WORK REQUIRED: Could you print, exactly as they stand, the lines from the one holding "截至10月23日,共有4只E" to the end of the data below, and nothing more?

Records from a data source
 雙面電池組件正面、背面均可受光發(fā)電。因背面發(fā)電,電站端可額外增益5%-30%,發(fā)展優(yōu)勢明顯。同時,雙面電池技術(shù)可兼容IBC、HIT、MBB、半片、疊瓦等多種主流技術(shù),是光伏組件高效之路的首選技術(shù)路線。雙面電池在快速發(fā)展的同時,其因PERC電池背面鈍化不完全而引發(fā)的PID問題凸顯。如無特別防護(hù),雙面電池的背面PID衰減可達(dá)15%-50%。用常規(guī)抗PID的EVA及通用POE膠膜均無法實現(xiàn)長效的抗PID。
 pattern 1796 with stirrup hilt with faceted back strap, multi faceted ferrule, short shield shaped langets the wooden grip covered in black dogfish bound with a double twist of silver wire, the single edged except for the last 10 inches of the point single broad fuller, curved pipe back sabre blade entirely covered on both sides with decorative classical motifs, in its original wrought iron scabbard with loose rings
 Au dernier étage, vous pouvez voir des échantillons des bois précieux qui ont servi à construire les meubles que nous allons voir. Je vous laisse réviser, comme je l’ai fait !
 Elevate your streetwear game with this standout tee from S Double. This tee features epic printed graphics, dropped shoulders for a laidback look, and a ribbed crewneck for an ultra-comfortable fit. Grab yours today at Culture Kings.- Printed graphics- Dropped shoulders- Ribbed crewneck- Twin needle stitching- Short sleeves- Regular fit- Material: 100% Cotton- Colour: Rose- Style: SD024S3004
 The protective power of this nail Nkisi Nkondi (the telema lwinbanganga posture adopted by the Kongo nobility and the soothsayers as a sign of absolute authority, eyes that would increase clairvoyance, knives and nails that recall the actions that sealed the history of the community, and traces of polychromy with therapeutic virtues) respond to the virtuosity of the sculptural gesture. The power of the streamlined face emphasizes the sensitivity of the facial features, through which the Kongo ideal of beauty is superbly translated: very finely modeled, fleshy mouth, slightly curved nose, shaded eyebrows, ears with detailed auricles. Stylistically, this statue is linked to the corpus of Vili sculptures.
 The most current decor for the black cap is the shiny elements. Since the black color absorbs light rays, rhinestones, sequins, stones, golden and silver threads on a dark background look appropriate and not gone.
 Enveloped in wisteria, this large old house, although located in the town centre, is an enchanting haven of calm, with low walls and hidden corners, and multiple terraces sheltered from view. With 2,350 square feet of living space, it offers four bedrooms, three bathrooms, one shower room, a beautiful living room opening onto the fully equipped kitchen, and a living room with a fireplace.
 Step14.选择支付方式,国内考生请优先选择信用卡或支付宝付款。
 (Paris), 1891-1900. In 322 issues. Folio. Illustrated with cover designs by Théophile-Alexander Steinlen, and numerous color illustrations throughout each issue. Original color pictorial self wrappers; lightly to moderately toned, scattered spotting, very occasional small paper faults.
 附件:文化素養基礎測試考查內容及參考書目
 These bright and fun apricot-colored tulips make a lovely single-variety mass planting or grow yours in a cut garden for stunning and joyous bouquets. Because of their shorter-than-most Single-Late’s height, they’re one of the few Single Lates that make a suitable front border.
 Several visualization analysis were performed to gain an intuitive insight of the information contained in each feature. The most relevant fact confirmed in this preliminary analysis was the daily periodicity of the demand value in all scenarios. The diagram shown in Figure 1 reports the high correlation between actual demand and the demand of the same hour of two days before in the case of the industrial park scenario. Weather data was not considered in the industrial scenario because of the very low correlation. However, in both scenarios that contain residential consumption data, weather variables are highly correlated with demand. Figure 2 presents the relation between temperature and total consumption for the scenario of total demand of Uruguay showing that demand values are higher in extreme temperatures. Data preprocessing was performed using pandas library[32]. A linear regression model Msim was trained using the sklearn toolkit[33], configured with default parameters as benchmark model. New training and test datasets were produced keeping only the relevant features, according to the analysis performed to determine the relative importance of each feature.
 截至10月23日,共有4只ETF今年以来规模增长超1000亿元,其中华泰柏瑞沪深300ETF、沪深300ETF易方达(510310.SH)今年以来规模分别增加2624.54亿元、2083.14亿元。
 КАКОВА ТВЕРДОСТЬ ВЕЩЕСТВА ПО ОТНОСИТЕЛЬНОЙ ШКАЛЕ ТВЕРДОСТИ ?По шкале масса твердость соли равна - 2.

ANSWER BOX:
 截至10月23日,共有4只ETF今年以来规模增长超1000亿元,其中华泰柏瑞沪深300ETF、沪深300ETF易方达(510310.SH)今年以来规模分别增加2624.54亿元、2083.14亿元。
 КАКОВА ТВЕРДОСТЬ ВЕЩЕСТВА ПО ОТНОСИТЕЛЬНОЙ ШКАЛЕ ТВЕРДОСТИ ?По шкале масса твердость соли равна - 2.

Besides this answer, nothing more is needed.